The president tapped the table with his ruler. Stinson read the minutes of the previous meeting, and the board was in session and ready to proceed to business. The president stated that he had been made the recipient of singular information affecting the value and prospects of their property only the day before, and he had lost no time in calling them together, that the matter might be inquired into.
"And our worthy solicitor, Mr. Jordan, will now kindly repeat to the board the statements he has already made to me in private."
"I know nothing, gentlemen," said Jordan, "but what was mentioned to me by one of your own number, here present. He is now, I doubt not, ready to repeat his statements at length for your united consideration. I allude to my respected friend, Mr. Podevin."
The Pere Podevin coughed behind his hand, looking disgust from under his eyelids for a solicitor who could thus betray a confidential conversation. "Was the man a fool or a rogue?" he asked himself. If he had not actually paid him a fee on addressing him, had he not given information worth thousands, if properly used?--given it freely for the sake of consulting him--and Jordan had promised advice in the morning--the morning now come--and here, instead of a friendly hint how he might save himself, the treacherous adviser, having already had twenty-four hours' exclusive use of the news, was calling on him to divulge everything before the whole board, giving an equal start to the others with himself in the race to save something, or rather letting himself be ruined with the rest. However, all eyes were on him now, and there was no escape.

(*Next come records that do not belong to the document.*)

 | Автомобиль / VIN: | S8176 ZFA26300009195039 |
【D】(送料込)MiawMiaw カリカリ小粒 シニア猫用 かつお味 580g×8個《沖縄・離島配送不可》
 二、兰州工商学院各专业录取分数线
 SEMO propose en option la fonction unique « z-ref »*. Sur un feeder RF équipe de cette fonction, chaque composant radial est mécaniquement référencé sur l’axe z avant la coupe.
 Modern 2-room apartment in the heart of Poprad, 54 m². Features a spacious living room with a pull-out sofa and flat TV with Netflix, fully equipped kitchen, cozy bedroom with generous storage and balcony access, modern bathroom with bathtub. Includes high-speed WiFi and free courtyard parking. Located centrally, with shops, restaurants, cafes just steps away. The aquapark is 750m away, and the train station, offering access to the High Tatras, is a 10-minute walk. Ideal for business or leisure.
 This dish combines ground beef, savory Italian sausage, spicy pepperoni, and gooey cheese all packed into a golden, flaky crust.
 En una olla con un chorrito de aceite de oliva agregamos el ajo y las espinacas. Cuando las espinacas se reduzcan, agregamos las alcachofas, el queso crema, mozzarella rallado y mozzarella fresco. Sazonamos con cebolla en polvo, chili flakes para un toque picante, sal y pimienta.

"It was on yesterday," he said, "zat I hear of ze men to say, ver _secretement_ to ze ozers, as they have dig out all ze _cuivre_ of ze mine. I five zose men to drink in retirement from ze rest, and I ask, and zey confirm zat of ze _cuivre_ is no more. _Mon Dieu!_ Misterre Herkimair--to tink of ze moneys to nourish my _vieillesse_, and ze _dots_ of my daughtairs _innocentes!_ All sunk in ze mines----"
"Well?" asked Ralph a little testily; "and pray who did it? Who sunk your money? You are of lawful age, Mr. Podevin, and believed to be of sound mind. You are privileged to act for yourself, and you must bear the consequences of your own acts. If your shares had risen to double the price you paid for them, you would have taken the profit as the reward of your own smartness; if it turns out the other way, why should you come grumbling to me? _I_ did not make you risk your money or throw it away."

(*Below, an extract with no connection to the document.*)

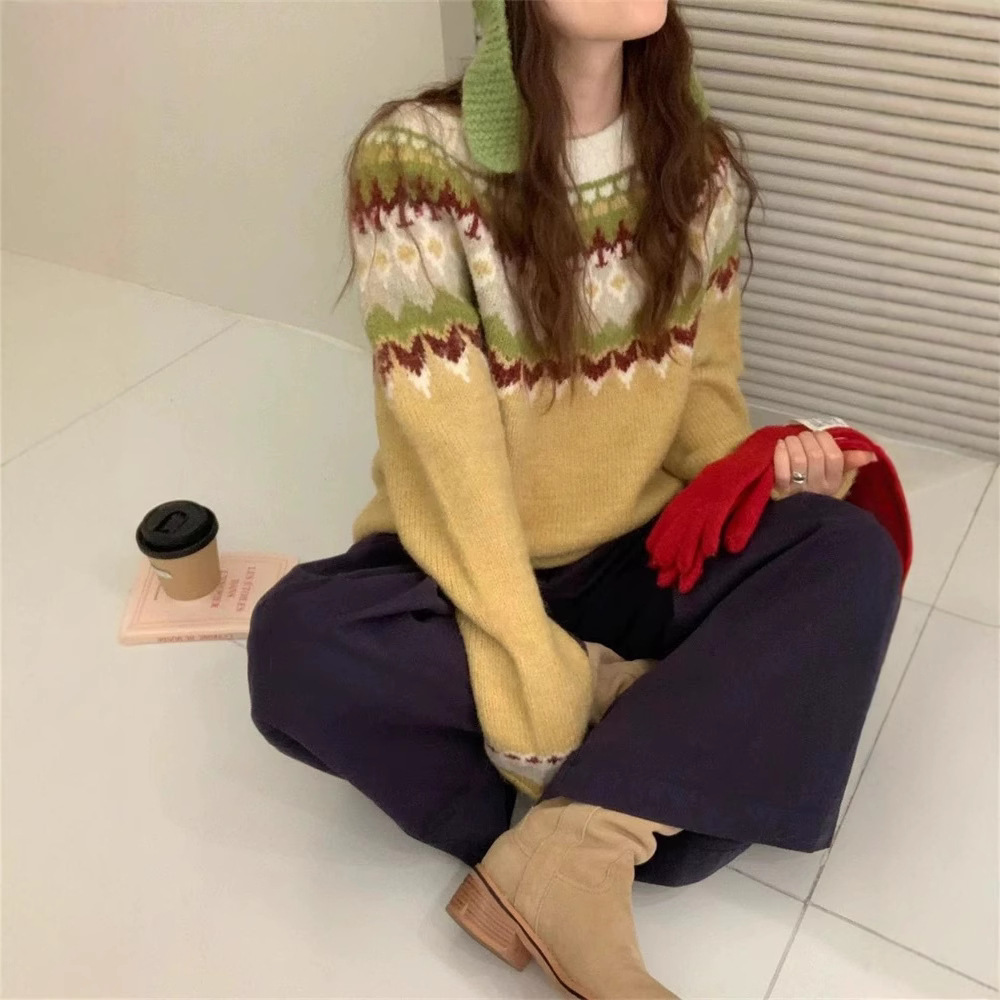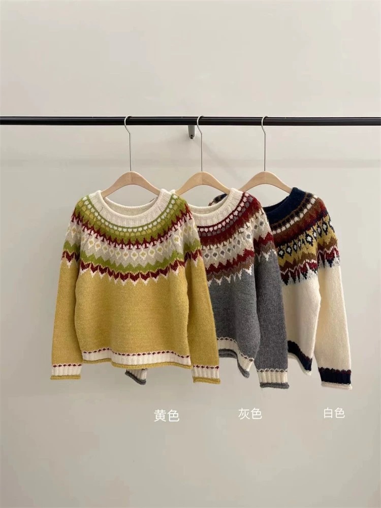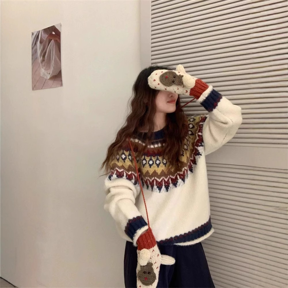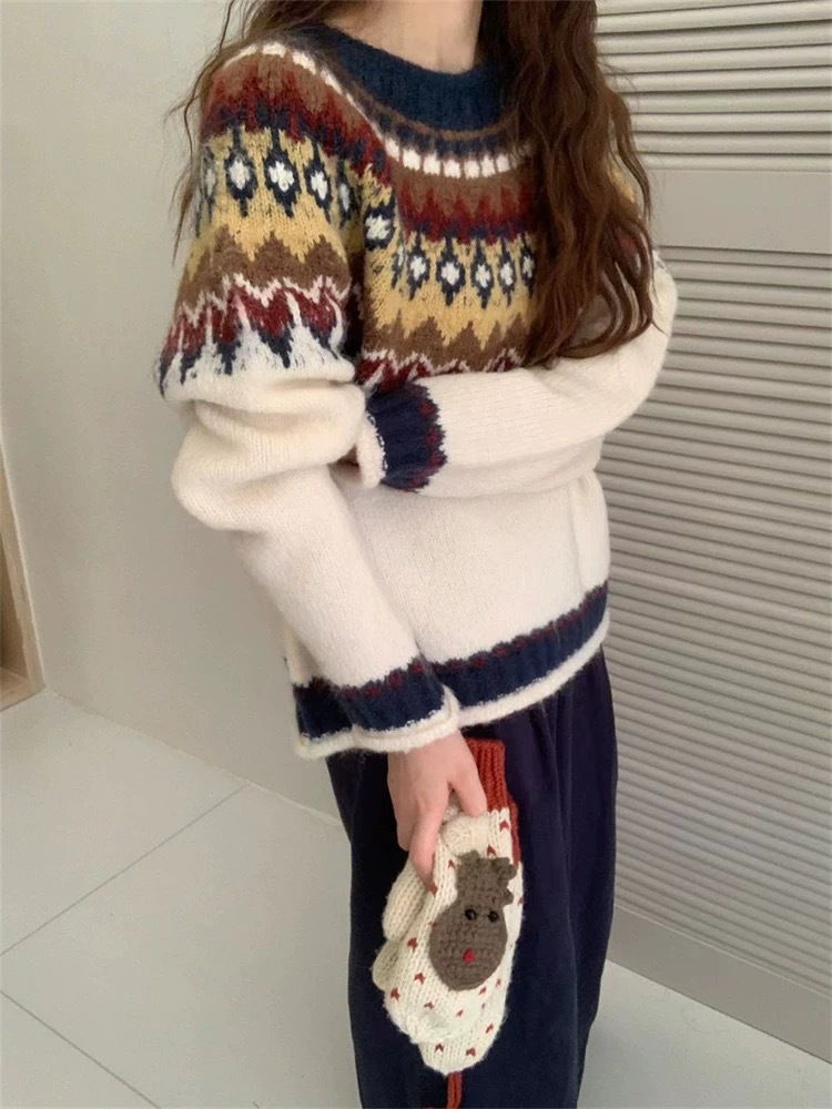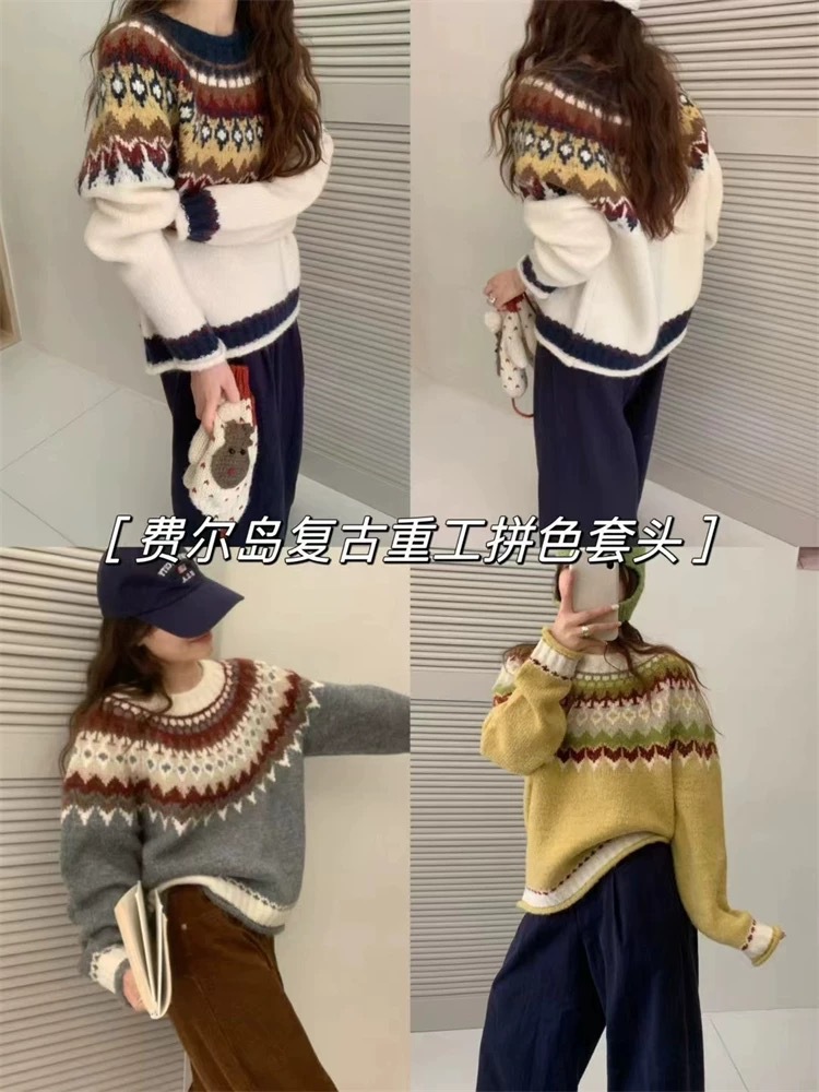 한국식 링지 페어랜드 자카드 풀오버 스웨터 2024 가을과 겨울 새로운 두꺼운 크리스마스 스웨터 소프트 왁스 레트로스토어 가기

"You say, Misterre Herkimair, zere were fortunes in ze rocks of La Hache svamp, and I believe ze _riche_ Misterre Herkimair, and I give ze little _bourse_ made up _sou_ by _sou_ in all zese year vit so much of care----"
"Yes, and thought to make your fortune, Mr. Podevin? and now you think you are going to lose it--the chance every man is liable to who speculates or plays poker. You throw a sprat expecting to catch a herring, and at times the herring is _not_ caught, and the sprat is thrown away. You must accept the chances of the game, or else you should not play. Look at me! Think of the thousands I stand to lose if our enterprise miscarries! What are your few hundreds compared to that? Yet I make no lament."